Binary classification is done using SGD classifier

In [131]:
from sklearn.linear_model import SGDClassifier
from sklearn.preprocessing import StandardScaler
from sklearn.pipeline import make_pipeline
from sklearn import metrics
from sklearn.metrics import confusion_matrix, ConfusionMatrixDisplay
import matplotlib.pyplot as plt
import numpy as np

In [132]:
target = df['Champion']
features = df[['Race_Entries',
       'Race_Starts', 'Pole_Positions', 'Race_Wins', 'Podiums', 'Fastest_Laps',
       'Points']]
X= features.values
Y=target.values
X_train, X_test, y_train, y_test = train_test_split(X, Y, test_size=0.2, random_state=42)
 # Always scale the input. The most convenient way is to use a pipeline.
clf = SGDClassifier(random_state=42)

model = clf.fit(X_train, y_train)


In [None]:
y_pred = clf.predict(X_test)

accuracy = metrics.accuracy_score(y_test, y_pred)
precision = metrics.precision_score(y_test, y_pred,average="macro")

print("Accuracy:", accuracy)
print("Precision:", precision)

In [None]:
matrix = confusion_matrix(y_test, y_pred)
print(matrix)
sns.heatmap(matrix, annot=True, cmap='Reds')

In [None]:
ConfusionMatrixDisplay.from_estimator(model, X_test, y_test,cmap=plt.cm.Blues, normalize='true')

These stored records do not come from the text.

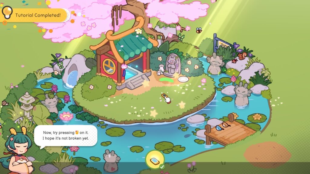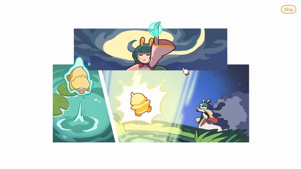 Once you’ve done that and learned how to play the game, a cutscene plays where Goddess Mei transforms Ducky into his human version, beginning the duo’s adventure together and ending Chapter 1.
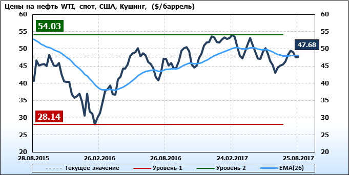 Цены на нефть сорта WTI с базиса поставки Кушинг выросли на 0.16 до 47.68 долларов за баррель. Тренд на рынке WTI медвежий. Цена на сорт MARS упала на -0.71 до 47.43 долларов за баррель.
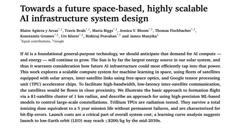 Sundar Pichai laid out the timeline: Our TPUs are headed to space. Early research shows our Trillium TPUs survived without damage when tested in a particle accelerator. Significant challenges remain, but we’re counting down to launch two prototype satellites with Planet by early 2027.
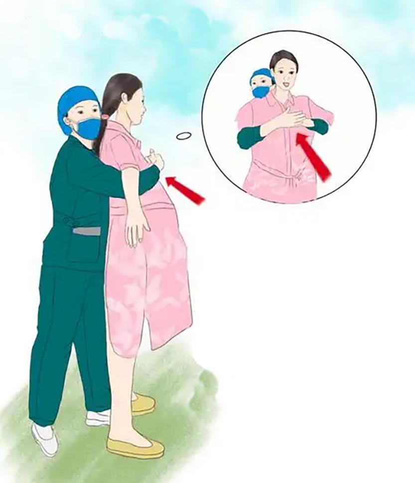 孕婦不宜使用腹部沖擊法,應(yīng)改為胸部沖擊法。兩手環(huán)繞患者的胸部,一手握空心拳貼在兩乳連線中間,另一手抓住拳頭,垂直向內(nèi)做胸部按壓,直到氣道阻塞解除。
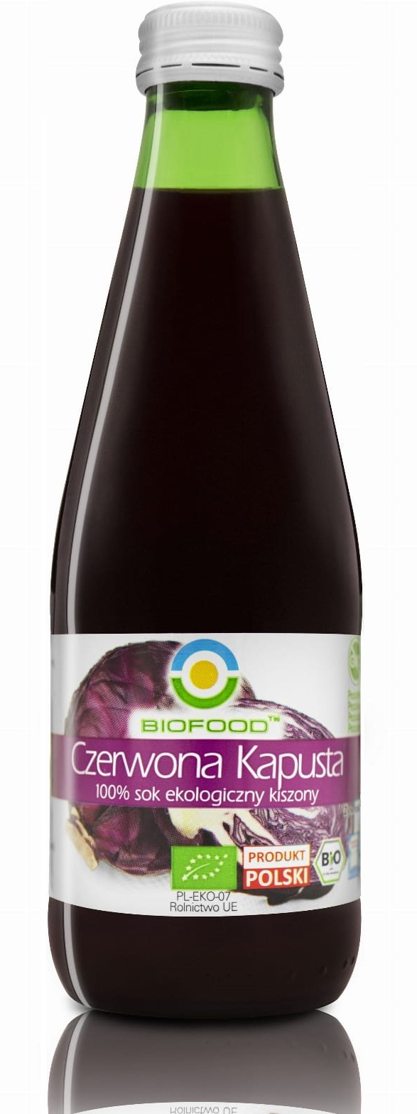 Suc de varza rosie lactofermentata: NFC - presat, nu din concentrat, produs pasteurizat. Fara gluten. Fara OMG.
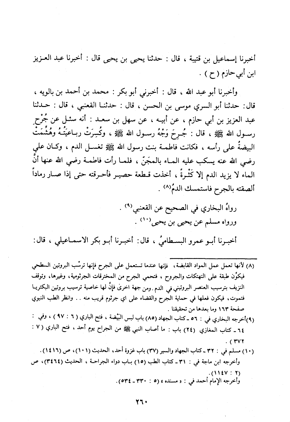 وَأَخْبَرَنَا أَبُو عَبْدِ اللَّه، قَالَ: أَخْبَرَنِي أَبُو بَكْرٍ: مُحَمَّدُ بْنُ أَحْمَدَ بْنِ بَالَوَيْهِ، قَالَ: حَدَّثَنَا أَبُو السَّرِيِّ مُوسَى بْنُ الْحَسَنِ، قَالَ: حَدَّثَنَا الْقَعْنَبِيُّ، قَالَ: حَدَّثَنَا عَبْدُ الْعَزِيزِ بْنُ أَبِي حَازِمٍ، عَنْ أَبِيهِ، عَنْ سَهْلِ بْنِ سَعْدٍ: أَنَّهُ سُئِلَ عَنْ جُرْحِ رَسُولِ اللَّه صَلَّى اللَّه عليه وَسَلَّمَ، قَالَ: جُرِحَ وَجْهُ رَسُولِ اللَّه صَلَّى اللَّه عَلَيْهِ وَسَلَّمَ، وَكُسِرَتْ رَبَاعِيَتُهُ وَهُشِّمَتِ الْبَيْضَةُ عَلَى رَأْسِهِ، فَكَانَتْ فَاطِمَةُ بِنْتُ رَسُولِ اللَّه صلى اللَّه عليه وَسَلَّمَ تَغْسِلُ الدَّمَ، وَكَانَ عَلِيٌّ رَضِيَ اللَّه عَنْهُ يَسْكُبُ عَلَيْهِ الْمَاءَ بِالْمِجَنِّ، فَلَمَّا رَأَتْ فَاطِمَةُ رَضِيَ اللَّه عَنْهَا أَنَّ الْمَاءَ لَا يَزِيدُ الدَّمَ إِلَّا كَثْرَةً، أَخَذَتْ قِطْعَةَ حَصِيرٍ فَأَحْرَقَتْهُ حَتَّى إِذَا صَارَ رَمَادًا أَلْصَقَتْهُ بِالْجُرْحِ فَاسْتَمْسَكَ الدَّمُ [ (8) ] .
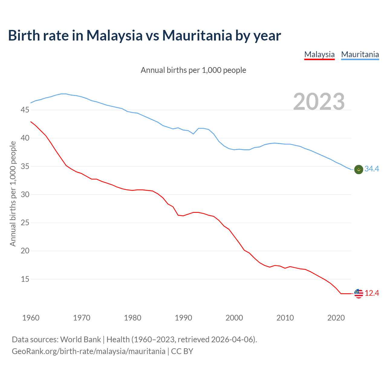 GeoRank.org/birth-rate/malaysia/mauritania | CC BY
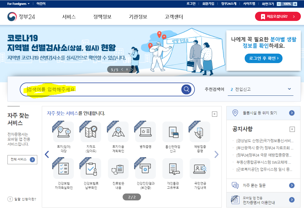 1) 정부 24 홈페이지를 접속하고 로그인해줍니다.

Based on the heatmap of the confusion matrix and the normalized confusion matrix, the SGDClassifier returns a good prediction of whether a person can become a Champion or not using the features Race_Entries, Race_Starts, Pole_Positions, Race_Wins, Podiums, Fastest_Laps, and Points. The model has a high accuracy and a low false negative rate, indicating that it correctly identifies most of the champions while only misclassifying a few non-champions. However, given the unpredictability of F1 races, we cannot conclusively prove that this is the best mode of classification.